PyVoIP is a pure python VoIP/SIP/RTP library.
Project description
pyVoIP
PyVoIP is a pure python VoIP/SIP/RTP library. Currently, it supports PCMA, PCMU, and telephone-event.
This library does not depend on a sound library, i.e. you can use any sound library that can handle linear sound data i.e. pyaudio or even wave. Keep in mind PCMU/PCMA only supports 8000Hz, 1 channel, 8 bit audio.
Getting Started
Simply run pip install pyVoIP, or if installing from source:
git clone https://github.com/tayler6000/pyVoIP.git
cd pyVoIP
pip install .
Don't forget to check out the documentation!
Basic Example
This basic code will simple make a phone that will automatically answer then hang up.
from pyVoIP.VoIP import VoIPPhone, InvalidStateError
def answer(call): # This will be your callback function for when you receive a phone call.
try:
call.answer()
call.hangup()
except InvalidStateError:
pass
if __name__ == "__main__":
phone = VoIPPhone(
<SIP Server IP>,
<SIP Server Port>,
<SIP Server Username>,
<SIP Server Password>,
callCallback=answer,
myIP=<Your computer's local IP>,
sipPort=<Port to use for SIP (int, default 5060)>,
rtpPortLow=<low end of the RTP Port Range>,
rtpPortHigh=<high end of the RTP Port Range>,
)
phone.start()
input("Press enter to disable the phone")
phone.stop()
Using an outbound SIP proxy
If your provider requires a separate outbound proxy, keep server pointed at the SIP domain / registrar and pass the proxy host separately.
phone = VoIPPhone(
"sip.example.com",
5060,
"alice",
"secret",
myIP="192.0.2.10",
proxy="pbx.example.net",
proxyPort=5060,
auth_username="alice-auth-id", # Optional: used for Proxy-Authorization
callCallback=answer,
)
proxy may be a hostname, host:port, or a SIP URI such as sip:pbx.example.net:5060.
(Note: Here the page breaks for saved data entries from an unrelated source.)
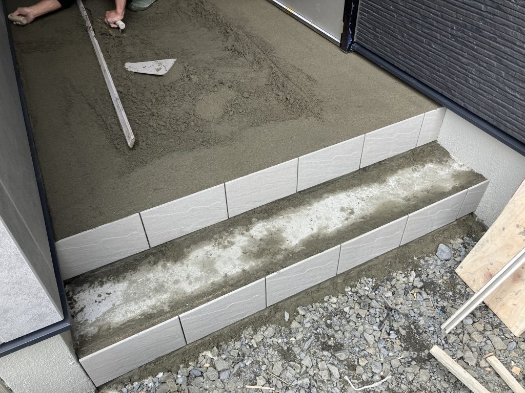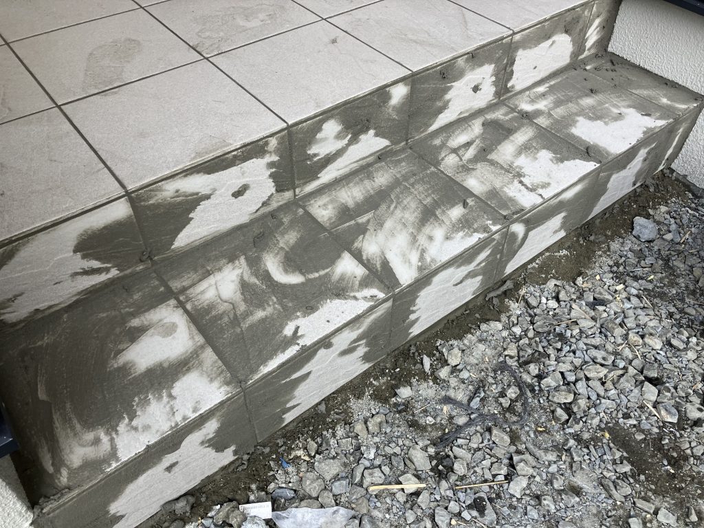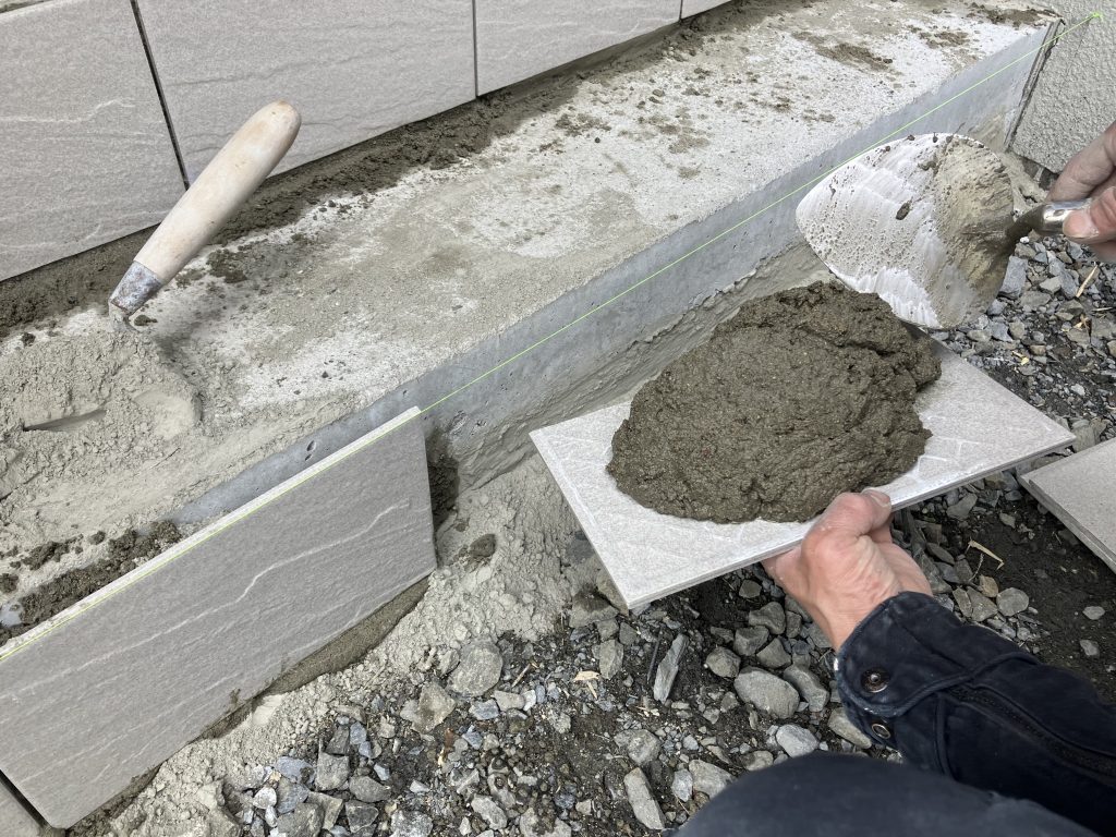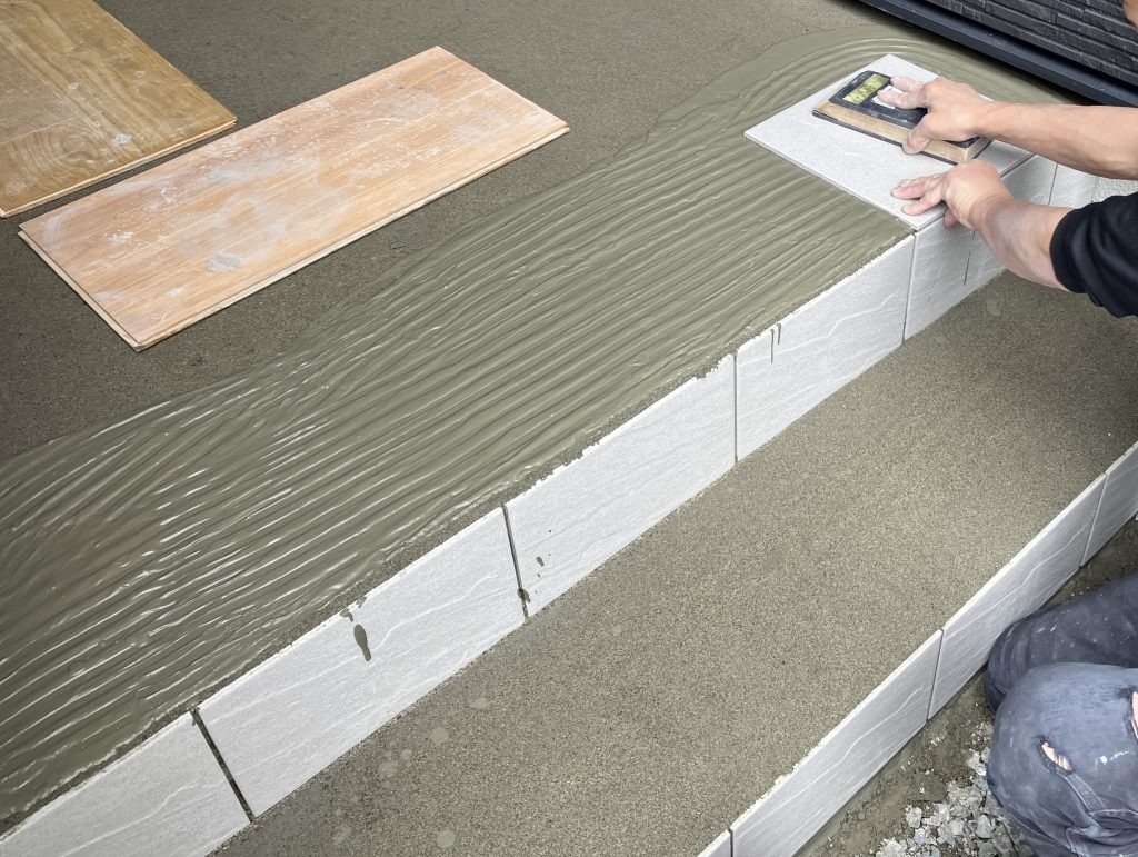 下地が完成したら十分に乾かし、セメントを塗った後タイルを貼っていきます。タイルを貼り終えたらセメントが固まるまで待ちます。
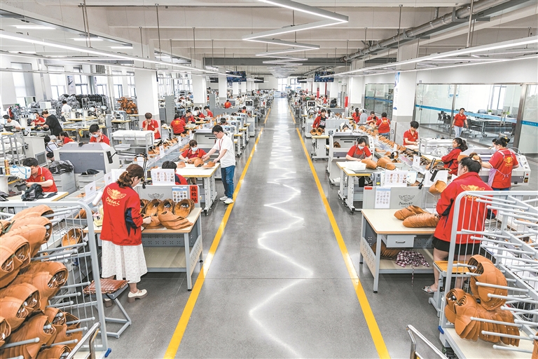 今年以來,為適應外貿市場的新變化,不少民營企業調整生產線,在開拓國際市場的同時,積極借助國內電商平臺加速“出口轉內銷”,擴展銷售渠道。圖為4月20日,在浙江省溫州市的德賽科技園車間內,工人在制鞋流水線上工作。 新華社發(劉吉利 攝)
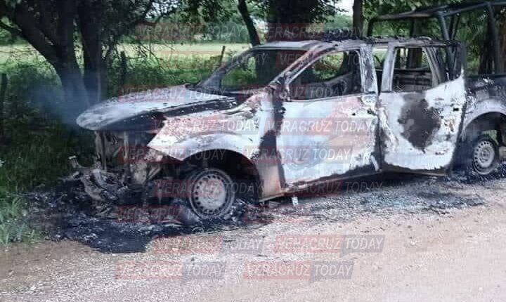 Personas que circulaban sobre la carretera de terracería que conduce al punto conocido como Playa Vicente, reportaron que en la última curva para llegar al lugar, se encontraba calcinada una patrulla de la policía municipal y observaron cuerpos de elementos de la misma corporación en el lugar.
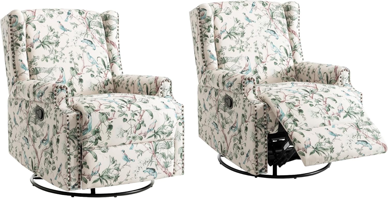 UIXE Swivel Rocker Manual Recliner Chairs Set of 2, Wingback Swivel Glider Fabric Nursery Reclining Sofa Chair, High Back Upholstered Arm Chair for Living Room Bedroom - Bird Pattern
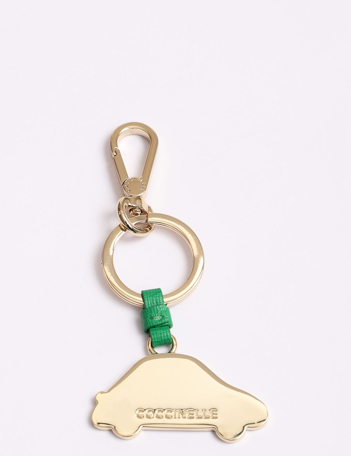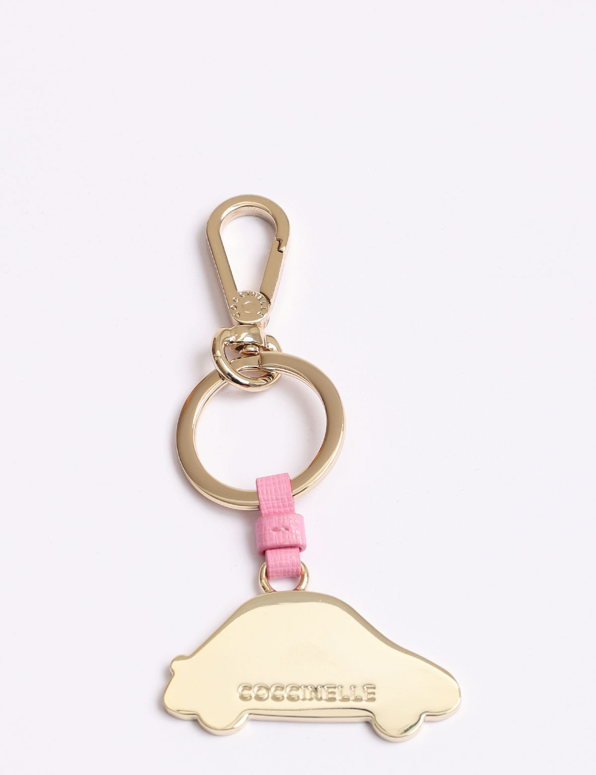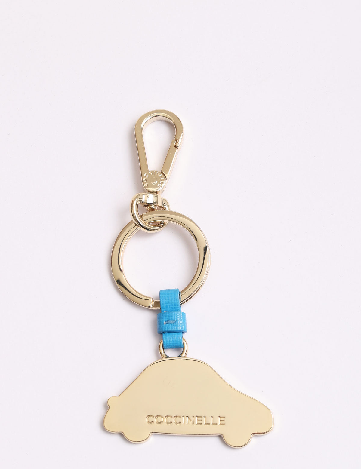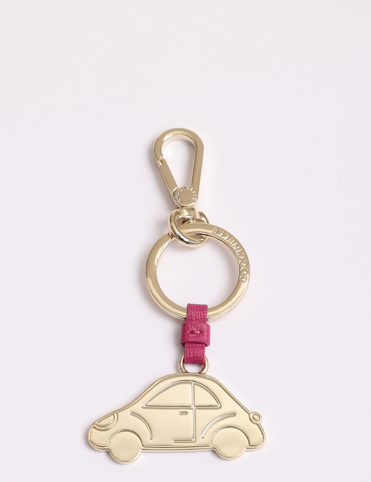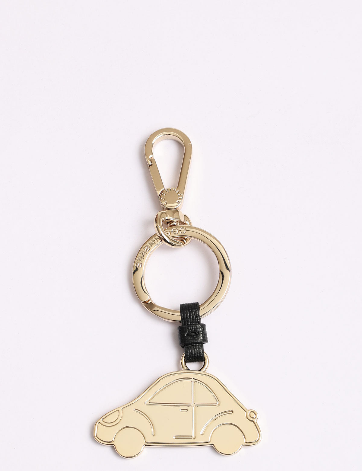 Coccinelle-Schlüsselanhänger aus Stahl in Form eines Autos mit Lederdetails

TCP/TLS SIP transport with RFC 3263-compliant resolution
# TCP, explicit URI transport wins.
phone = VoIPPhone(
"sip:registrar.example.com;transport=tcp",
None,
"alice",
"secret",
myIP="192.0.2.10",
)
# TLS via sips: and RFC 3263 DNS if no explicit port is present.
phone = VoIPPhone(
"sips:registrar.example.com",
None,
"alice",
"secret",
myIP="192.0.2.10",
tls_server_name="registrar.example.com",
)
# Legacy host + explicit port stays simple unless transport is supplied.
phone = VoIPPhone(
"registrar.example.com",
5060,
"alice",
"secret",
myIP="192.0.2.10",
transport="tcp",
)
Inspecting supported codecs
Parsed SIP/SDP messages and active calls can report the codecs offered by the remote endpoint and the codecs supported by PyVoIP.
import pyVoIP
def answer(call):
report = call.codec_support_report()
print("Remote codecs:", report["remote"])
print("PyVoIP codecs:", report["pyvoip"])
print("Compatible codecs:", report["compatible"])
print("Unsupported remote codecs:", report["unsupported"])
# Also available for any parsed SIPMessage containing SDP:
remote_codecs = sip_message.supported_codecs()
report = sip_message.codec_support_report()
# And at module level:
pyvoip_codecs = pyVoIP.supported_codecs()
Pre-call codec inspection
Local codec information is available without an active SIP session. Remote
codec information can be probed before starting a call with SIP OPTIONS when
the peer/provider returns SDP in its OPTIONS response.
from pyVoIP.VoIP import VoIPPhone
phone = VoIPPhone(
"sip.example.com",
5060,
"alice",
"secret",
myIP="192.0.2.10",
)
# Purely local; this works before phone.start().
local_report = phone.available_codecs()
print("Local codec offer:", local_report["local_offer"])
# Remote probing requires SIP signalling, so start/register first.
phone.start()
remote_report = phone.available_codecs("1001")
print("Remote codecs:", remote_report["remote"])
print("Call-compatible audio:", remote_report["call_compatible"])
print("Can start call from codec data:", remote_report["can_start_call"])
If the remote side does not include SDP in the OPTIONS response,
remote_report["remote"] will be empty and can_start_call will be None.